══ Extracted data

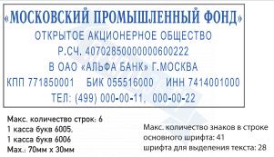 | Размер поля: 70 х 30 мм, строк 6, кол-во знаков 41/28 |
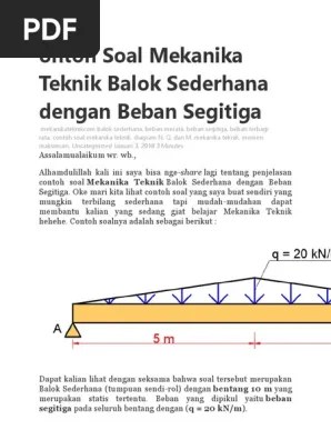 Contoh Soal Mekanika Teknik Beban Merata - Mengitung Rav Dan Rab Dalam Mekanika Teknik : Saya kali ini akan membahas contoh soal mektek yaitu menghitung lendutan yang terjadi pada balok sederhana dengan beban merata pada seluruh bentangnya.. Saya kali ini akan membahas contoh soal mektek yaitu menghitung lendutan yang terjadi pada balok sederhana dengan beban merata pada seluruh bentangnya. Saya mau minta bntu kerjakan soal mekanika rekayasa. Balok kantilever dengan beban terpusat. Gambar konstruksi jembatan dalam mekanika teknik. Beban yang mengenai struktur tidak terpusat tetapi terdistribusi, baik terdistribusi merata ataupun tidak merata.
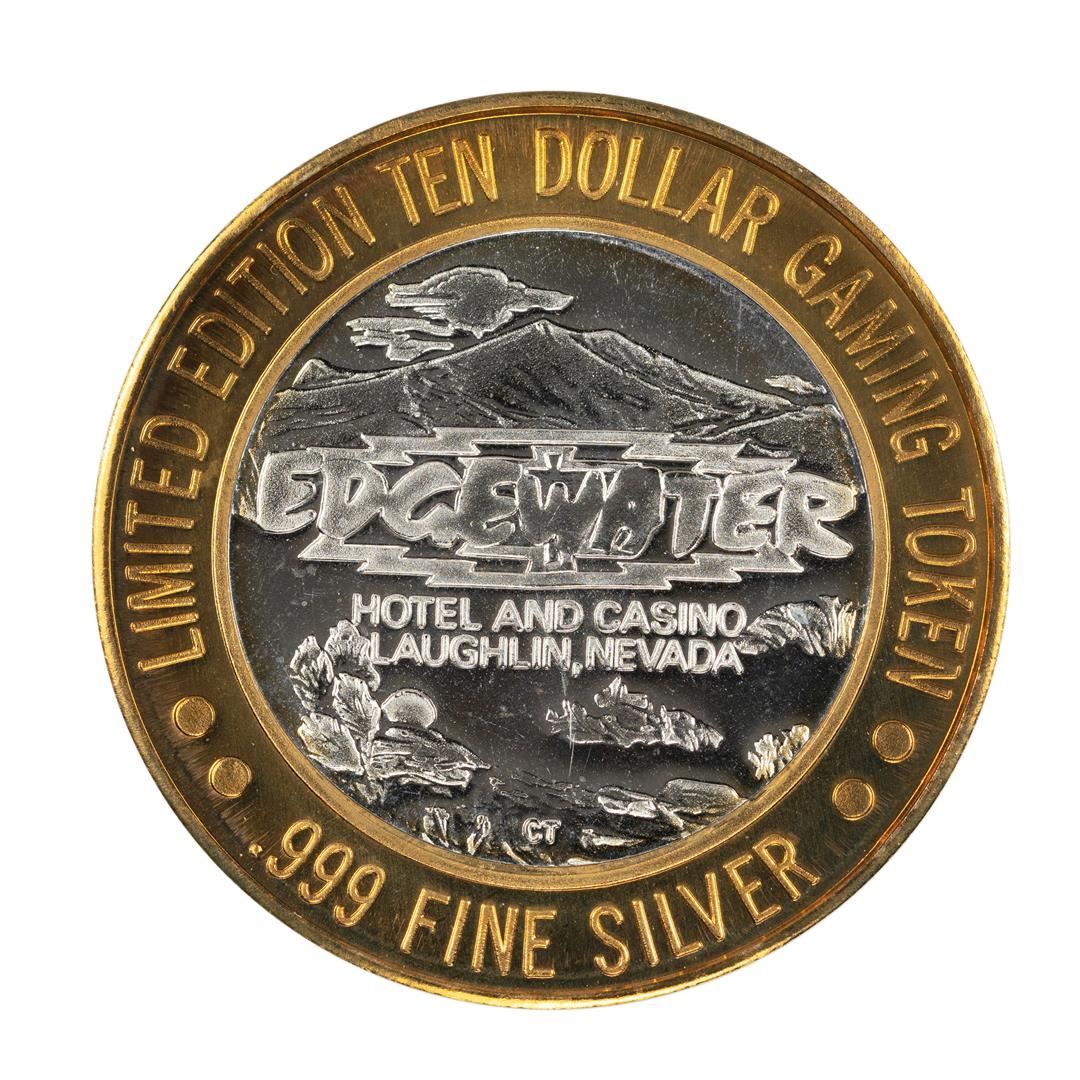 One .999 Silver Edgewater Hotel & Casino Laughlin, NV $10 Limited Edition Gaming Token.
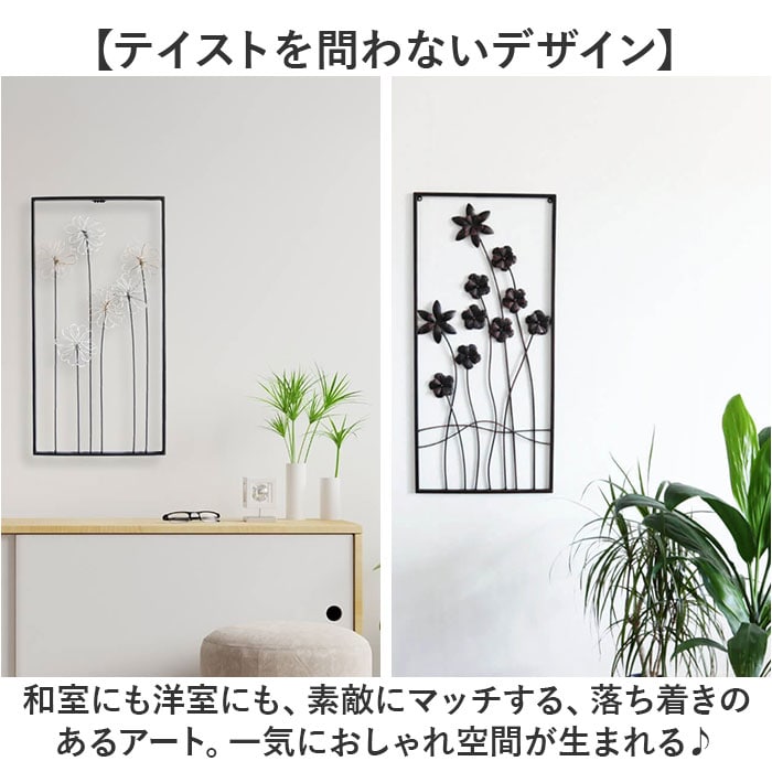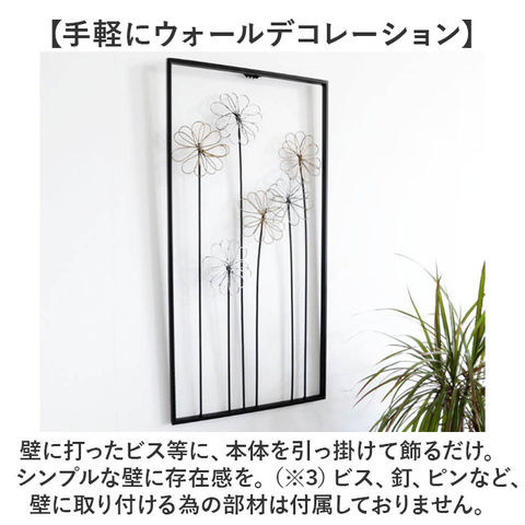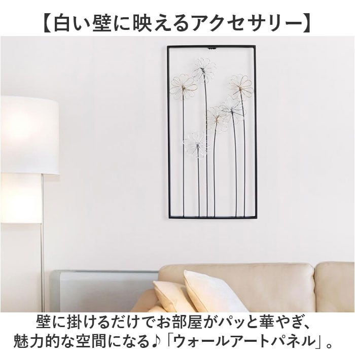 | 商品説明 | 【白い壁に映えるアクセサリー】壁に掛けるだけでお部屋がパッと華やぎ、魅力的な空間になる♪「ウォールアートパネル」。【テイストを問わないデザイン】和室にも洋室にも、素敵にマッチする、落ち着きのあるアート。一気におしゃれ空間が生まれる♪【古めかしいアンティーク仕上げ】擦り減ったようなアンティーク感を表現。場所を選ばず飾りやすい大きさ。(※1)1707の商品です。【風に揺れるような花をイメージ】フレームの空間を大きく使い、アートに仕上げた壁飾り。光の当たり具合で壁に影が映る♪(※2)2104の商品です。【手軽にウォールデコレーション】壁に打ったビス等に、本体を引っ掛けて飾るだけ。シンプルな壁に存在感を。(※3)ビス、釘、ピンなど、壁に取り付ける為の部材は付属しておりません。 |
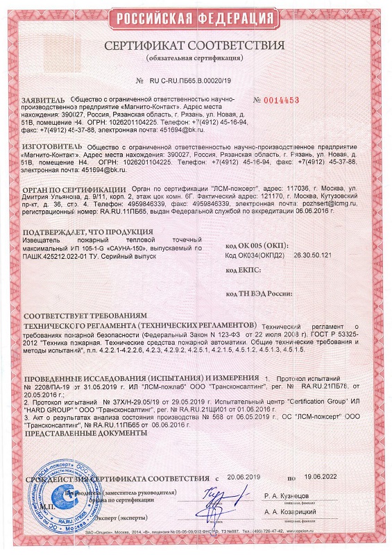 -Извещатели ИП 105-1-(50°С) соответствуют требованиям ГОСТ Р 53325-2012, ФЗ №123-ФЗ от 22.07.2008г. и имеют температуру срабатывания от 46 до 52°С. Степень защиты извещателей, обеспечиваемая оболочкой соответствует IP20 по ГОСТ 14254-96.
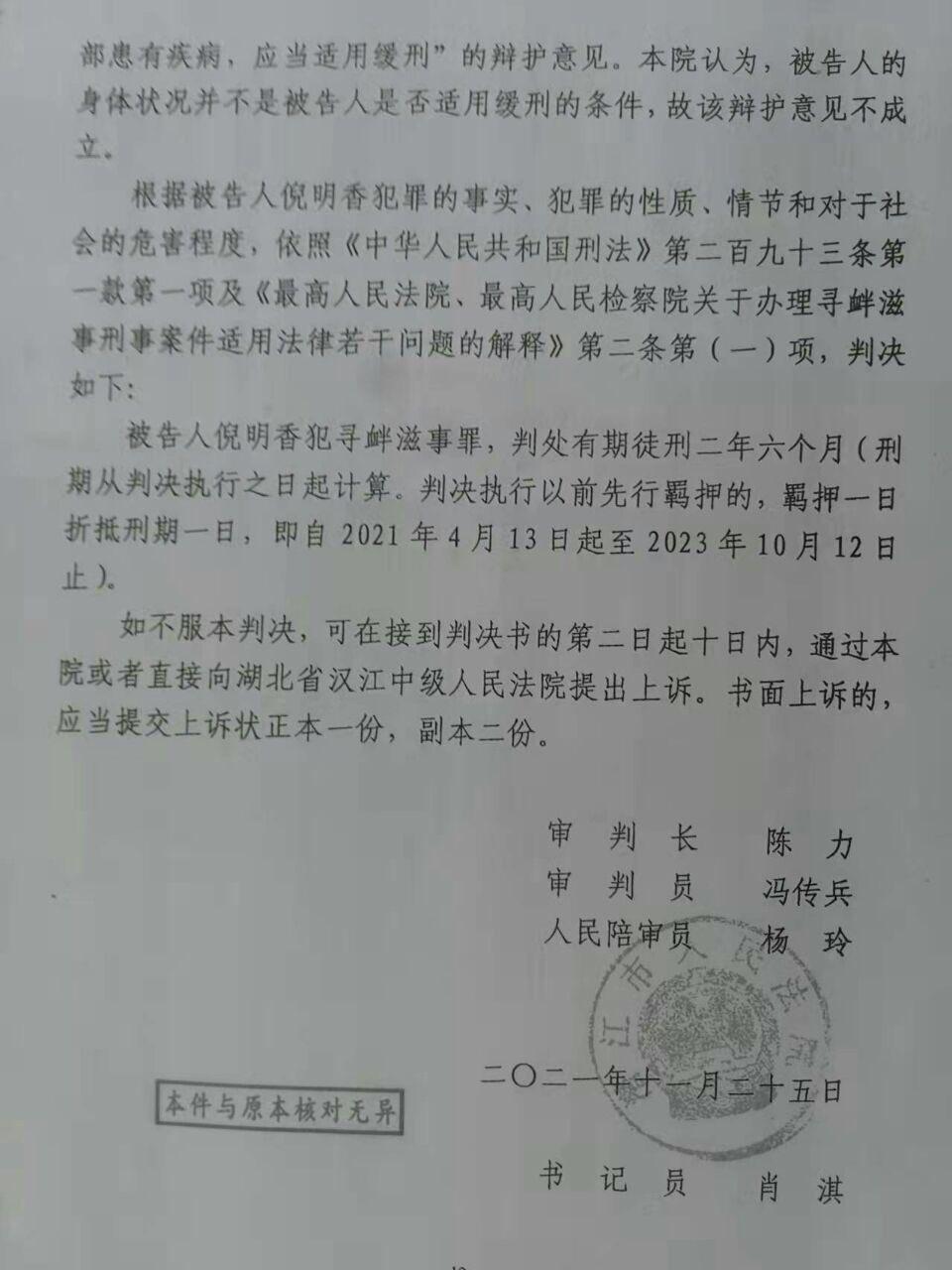 接到判决书后倪明香不服本判决,倪明香代理律师提出了上诉,估计湖北汉江中级仙桃人民法院也会火速下达结果的。希望湖北汉江中级法院改判倪明香无罪释放回家。
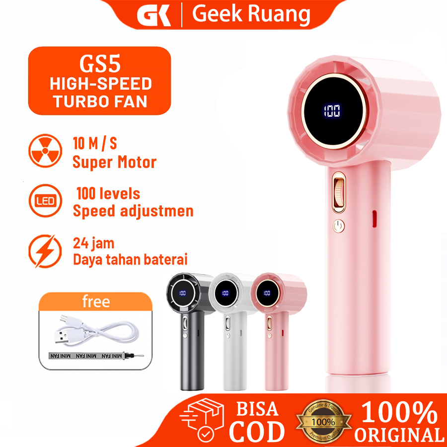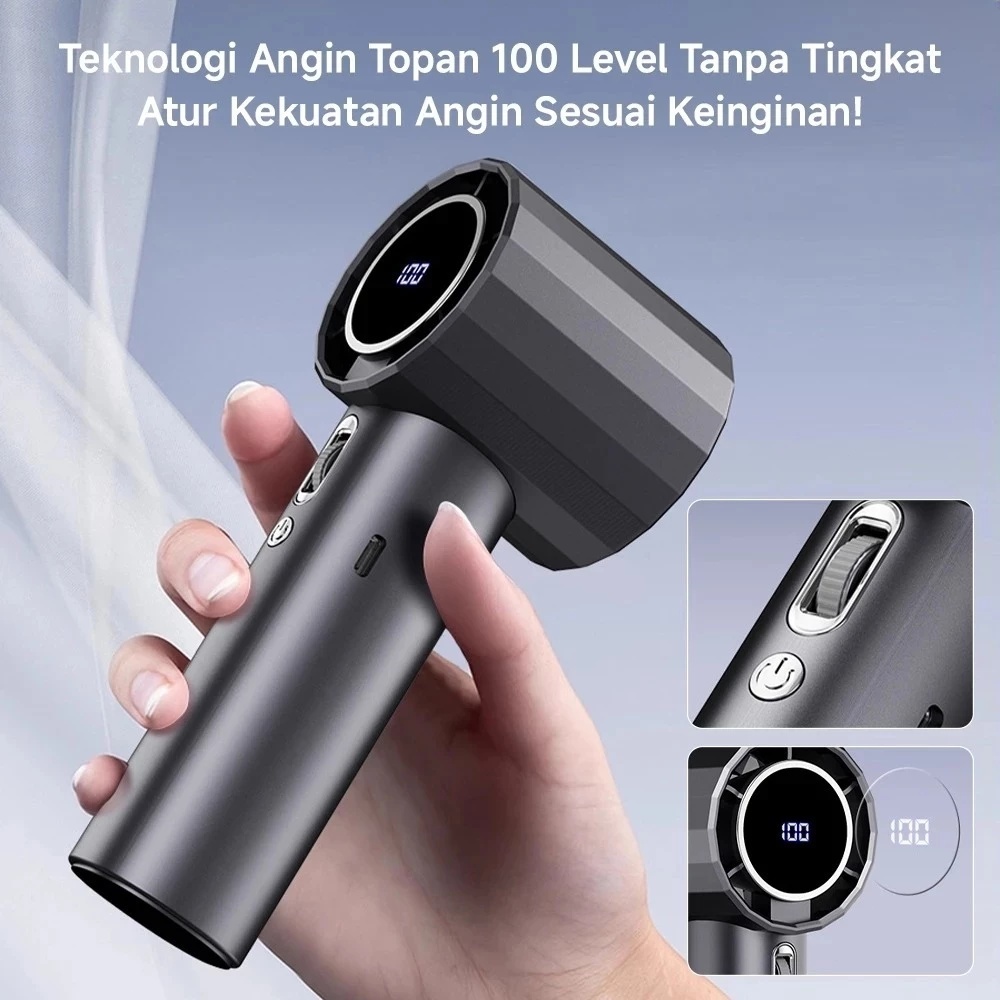 Kipas Angin Portable Mini USB LED Display Portable Handheld Fan Turbo Kipas Tangan Wind 100 Gear
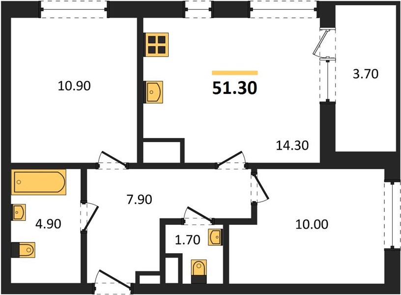 Квартира: 2 к 51,30 кв.м., 15 этаж в комплексе Солнечный, 5 очередь, корп.6.3, сдача: 4кв. , этажей: 16, адрес Екатеринбург г., Лучистая ул., , Застройщик: ГК ЭТАЛОН.
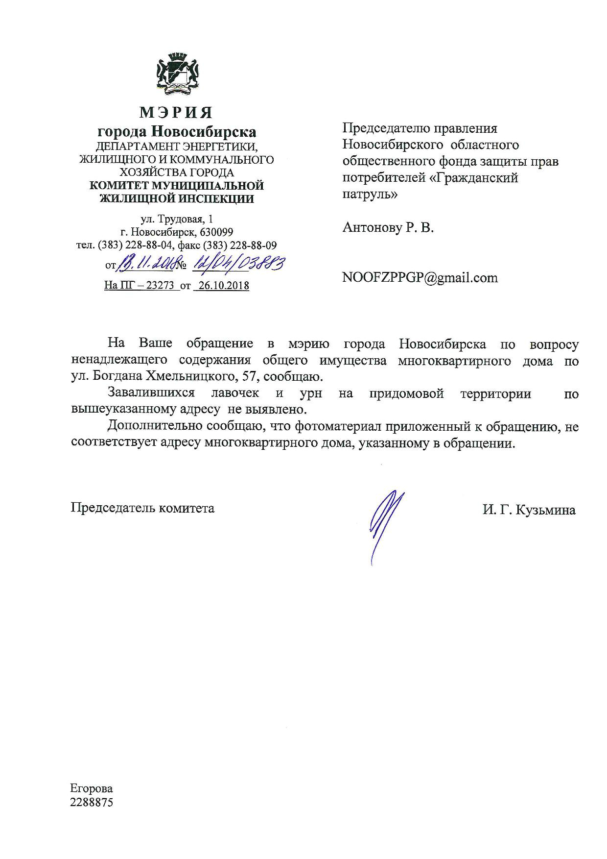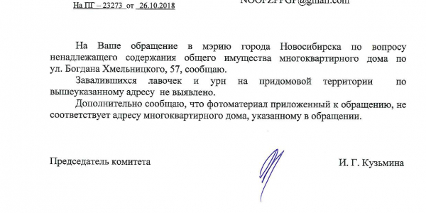 Номер жалобы:43367 Тип жалобы:Иные проблемы ЖКХ Название объекта:Управляющая Компания Город:Новосибирск Адрес:Новосибирск, 57 улица Богдана Хмельницкого Описание жалобы:Заявленная лавочка и мусорка Статус:
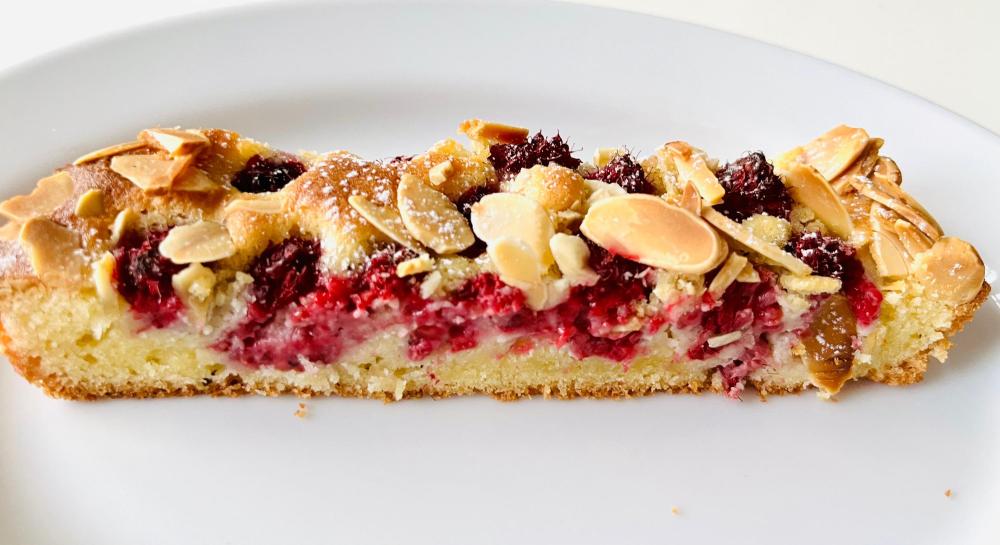 Mortadella, homemade ricotta, pistachio pesto on an olive roll. Raspberry pastry slice, frangipane, almonds.
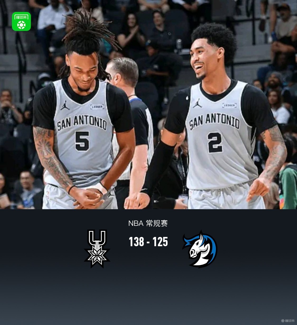 马刺138-125轻取独行侠,卡斯尔19中15轰40+12+12,文班亚马16+11
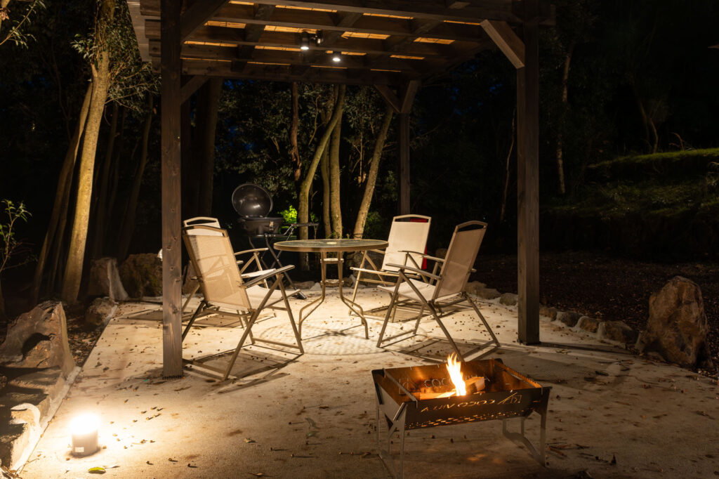 焚き火エリアには、COCO VILLAオリジナル焚き火台をご用意。

════

Work to be completed: Copy exactly the lines from the one containing "-Извещатели ИП 105-1-(50°С)" through the final line of the records above, both included, and leave out any pictures.

Solution:
 -Извещатели ИП 105-1-(50°С) соответствуют требованиям ГОСТ Р 53325-2012, ФЗ №123-ФЗ от 22.07.2008г. и имеют температуру срабатывания от 46 до 52°С. Степень защиты извещателей, обеспечиваемая оболочкой соответствует IP20 по ГОСТ 14254-96.
 接到判决书后倪明香不服本判决,倪明香代理律师提出了上诉,估计湖北汉江中级仙桃人民法院也会火速下达结果的。希望湖北汉江中级法院改判倪明香无罪释放回家。
 Kipas Angin Portable Mini USB LED Display Portable Handheld Fan Turbo Kipas Tangan Wind 100 Gear
 Квартира: 2 к 51,30 кв.м., 15 этаж в комплексе Солнечный, 5 очередь, корп.6.3, сдача: 4кв. , этажей: 16, адрес Екатеринбург г., Лучистая ул., , Застройщик: ГК ЭТАЛОН.
 Номер жалобы:43367 Тип жалобы:Иные проблемы ЖКХ Название объекта:Управляющая Компания Город:Новосибирск Адрес:Новосибирск, 57 улица Богдана Хмельницкого Описание жалобы:Заявленная лавочка и мусорка Статус:
 Mortadella, homemade ricotta, pistachio pesto on an olive roll. Raspberry pastry slice, frangipane, almonds.
 马刺138-125轻取独行侠,卡斯尔19中15轰40+12+12,文班亚马16+11
 焚き火エリアには、COCO VILLAオリジナル焚き火台をご用意。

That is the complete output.